Reproduce from the records below, with no pictures, exactly the lines between the one containing "В нашем приложении" and the one containing "Thank you card", inclusive.

------------------------------------------------------------

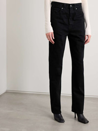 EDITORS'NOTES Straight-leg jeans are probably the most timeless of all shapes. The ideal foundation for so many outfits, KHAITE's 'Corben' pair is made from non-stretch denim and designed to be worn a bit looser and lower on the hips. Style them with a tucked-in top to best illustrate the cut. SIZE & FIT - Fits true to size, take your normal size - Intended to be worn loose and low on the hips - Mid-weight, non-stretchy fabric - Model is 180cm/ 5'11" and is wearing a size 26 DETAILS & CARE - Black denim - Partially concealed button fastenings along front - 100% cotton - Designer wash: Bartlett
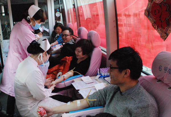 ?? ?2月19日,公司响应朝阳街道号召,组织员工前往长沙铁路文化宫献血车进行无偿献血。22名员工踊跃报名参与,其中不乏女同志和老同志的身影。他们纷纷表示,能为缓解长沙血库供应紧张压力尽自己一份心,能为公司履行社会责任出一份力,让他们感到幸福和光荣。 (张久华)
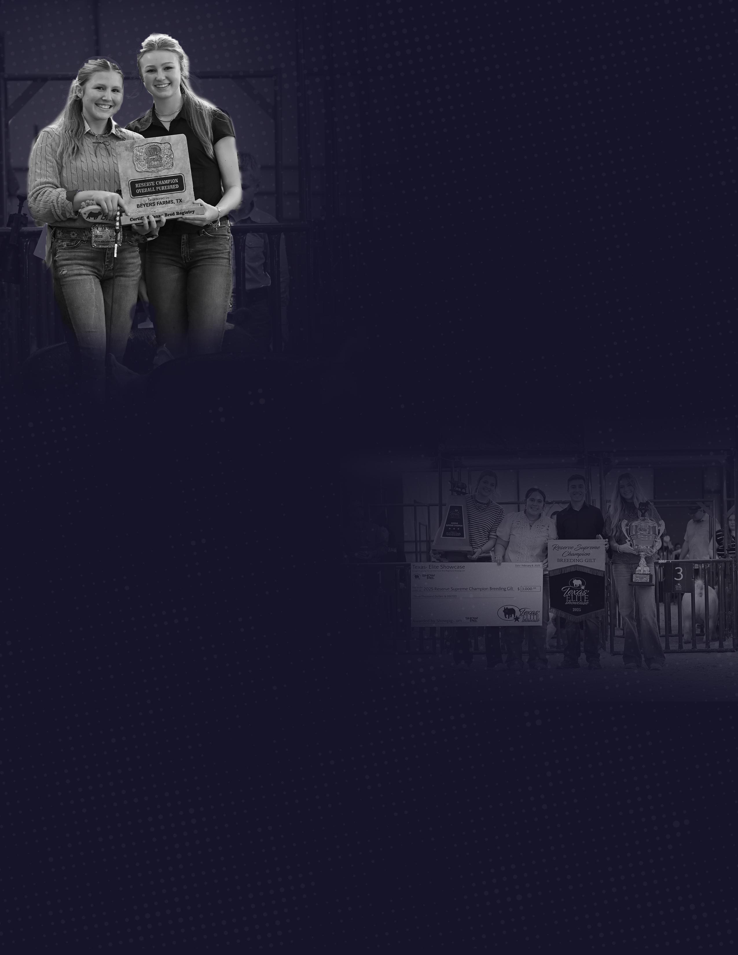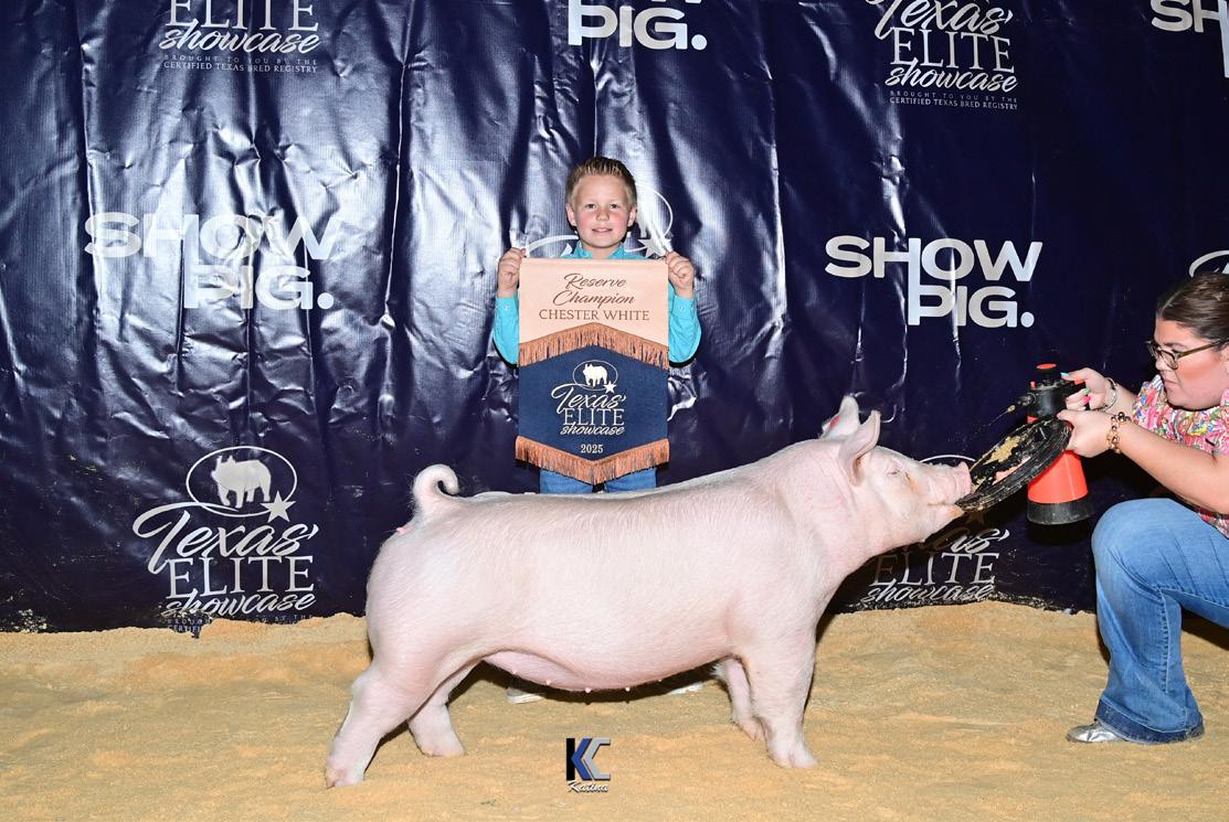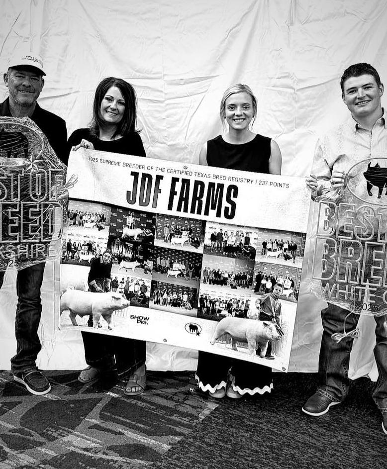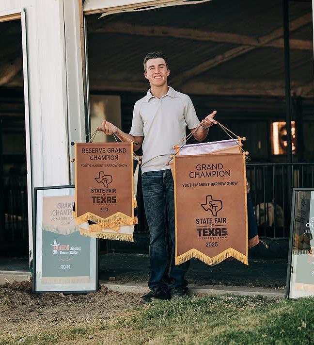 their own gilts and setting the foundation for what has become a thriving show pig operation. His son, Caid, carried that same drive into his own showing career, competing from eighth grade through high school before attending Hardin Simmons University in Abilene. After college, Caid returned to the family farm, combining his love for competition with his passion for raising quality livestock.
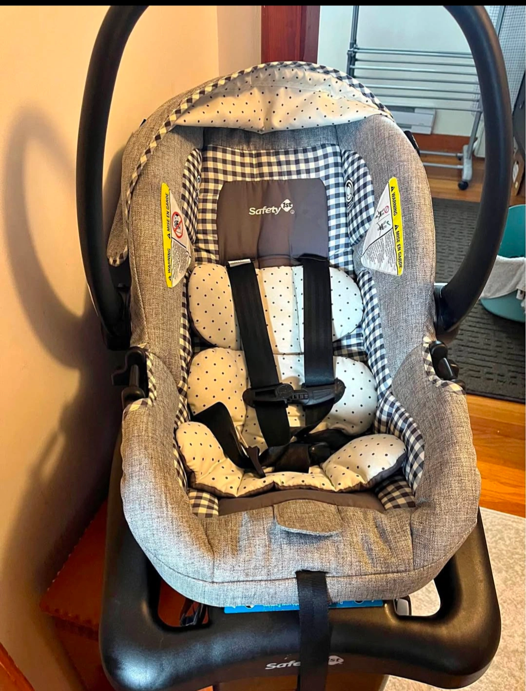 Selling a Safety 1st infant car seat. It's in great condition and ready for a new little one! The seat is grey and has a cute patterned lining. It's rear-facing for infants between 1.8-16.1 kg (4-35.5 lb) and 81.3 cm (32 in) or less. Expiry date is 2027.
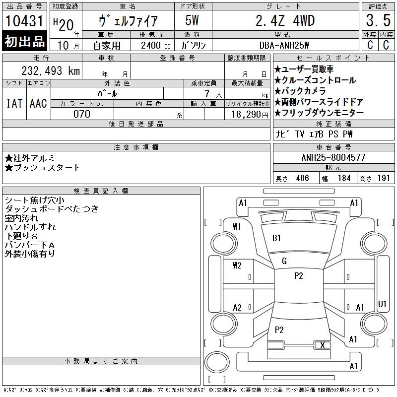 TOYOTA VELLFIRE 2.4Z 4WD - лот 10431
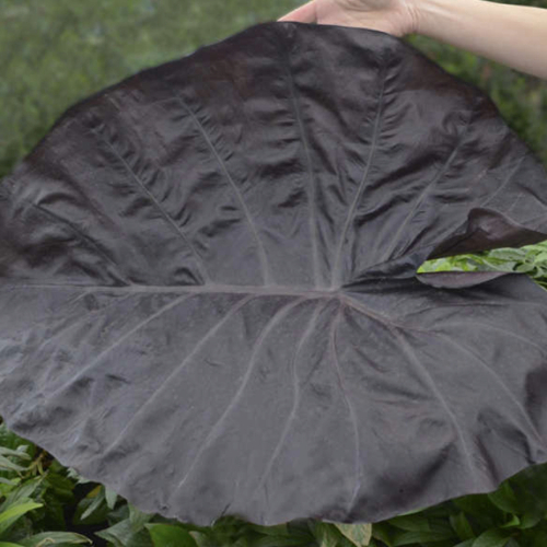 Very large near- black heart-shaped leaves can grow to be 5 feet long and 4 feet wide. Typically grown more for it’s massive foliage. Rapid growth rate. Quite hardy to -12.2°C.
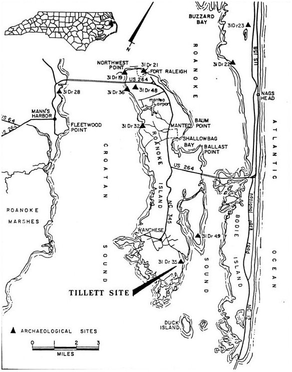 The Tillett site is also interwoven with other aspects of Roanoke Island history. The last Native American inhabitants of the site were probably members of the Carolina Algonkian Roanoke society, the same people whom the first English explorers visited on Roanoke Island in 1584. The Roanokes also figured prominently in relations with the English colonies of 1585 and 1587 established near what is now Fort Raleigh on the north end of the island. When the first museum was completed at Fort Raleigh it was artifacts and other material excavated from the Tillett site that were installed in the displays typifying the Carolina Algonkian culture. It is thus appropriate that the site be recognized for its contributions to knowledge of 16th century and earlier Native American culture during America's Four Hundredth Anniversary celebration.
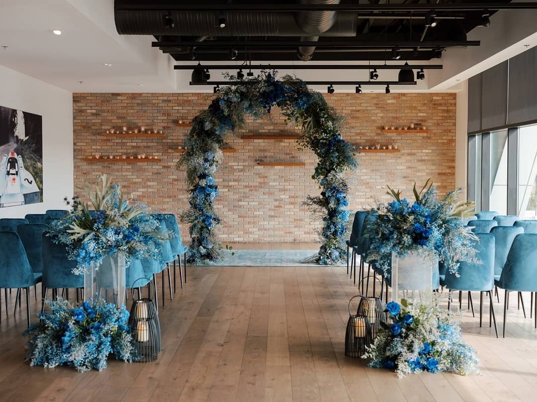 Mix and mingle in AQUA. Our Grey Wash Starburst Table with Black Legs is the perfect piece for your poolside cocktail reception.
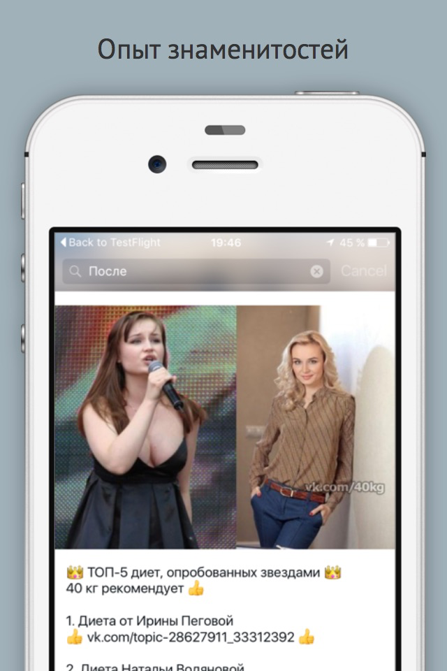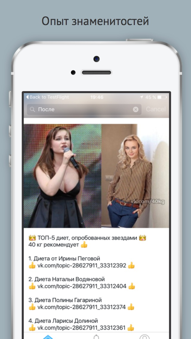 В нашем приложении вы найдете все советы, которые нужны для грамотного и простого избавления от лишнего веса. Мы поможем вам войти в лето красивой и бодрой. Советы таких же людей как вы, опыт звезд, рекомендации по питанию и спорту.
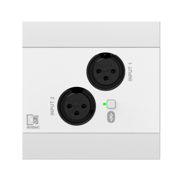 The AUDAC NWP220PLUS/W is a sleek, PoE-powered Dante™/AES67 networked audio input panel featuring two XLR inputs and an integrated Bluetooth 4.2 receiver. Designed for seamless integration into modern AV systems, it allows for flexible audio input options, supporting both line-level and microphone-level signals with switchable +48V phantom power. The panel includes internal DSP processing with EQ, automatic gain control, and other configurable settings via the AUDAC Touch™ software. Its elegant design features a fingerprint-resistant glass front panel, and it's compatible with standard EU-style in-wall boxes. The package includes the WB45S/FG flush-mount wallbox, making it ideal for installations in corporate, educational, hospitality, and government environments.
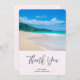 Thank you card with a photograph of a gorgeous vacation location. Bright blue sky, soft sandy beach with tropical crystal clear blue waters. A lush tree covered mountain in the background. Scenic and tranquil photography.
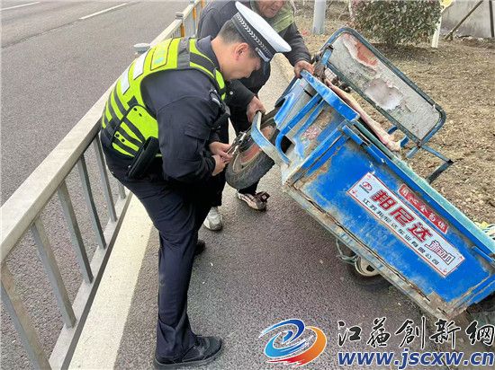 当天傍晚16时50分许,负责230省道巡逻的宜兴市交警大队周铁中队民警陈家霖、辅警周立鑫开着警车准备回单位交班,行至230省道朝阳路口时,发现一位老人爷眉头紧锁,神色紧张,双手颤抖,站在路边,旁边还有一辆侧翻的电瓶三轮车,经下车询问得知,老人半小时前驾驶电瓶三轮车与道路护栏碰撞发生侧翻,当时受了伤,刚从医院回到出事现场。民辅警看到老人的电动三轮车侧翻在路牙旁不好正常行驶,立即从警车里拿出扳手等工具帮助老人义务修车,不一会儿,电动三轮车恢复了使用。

------------------------------------------------------------

» **Response box**
 В нашем приложении вы найдете все советы, которые нужны для грамотного и простого избавления от лишнего веса. Мы поможем вам войти в лето красивой и бодрой. Советы таких же людей как вы, опыт звезд, рекомендации по питанию и спорту.
 The AUDAC NWP220PLUS/W is a sleek, PoE-powered Dante™/AES67 networked audio input panel featuring two XLR inputs and an integrated Bluetooth 4.2 receiver. Designed for seamless integration into modern AV systems, it allows for flexible audio input options, supporting both line-level and microphone-level signals with switchable +48V phantom power. The panel includes internal DSP processing with EQ, automatic gain control, and other configurable settings via the AUDAC Touch™ software. Its elegant design features a fingerprint-resistant glass front panel, and it's compatible with standard EU-style in-wall boxes. The package includes the WB45S/FG flush-mount wallbox, making it ideal for installations in corporate, educational, hospitality, and government environments.
 Thank you card with a photograph of a gorgeous vacation location. Bright blue sky, soft sandy beach with tropical crystal clear blue waters. A lush tree covered mountain in the background. Scenic and tranquil photography.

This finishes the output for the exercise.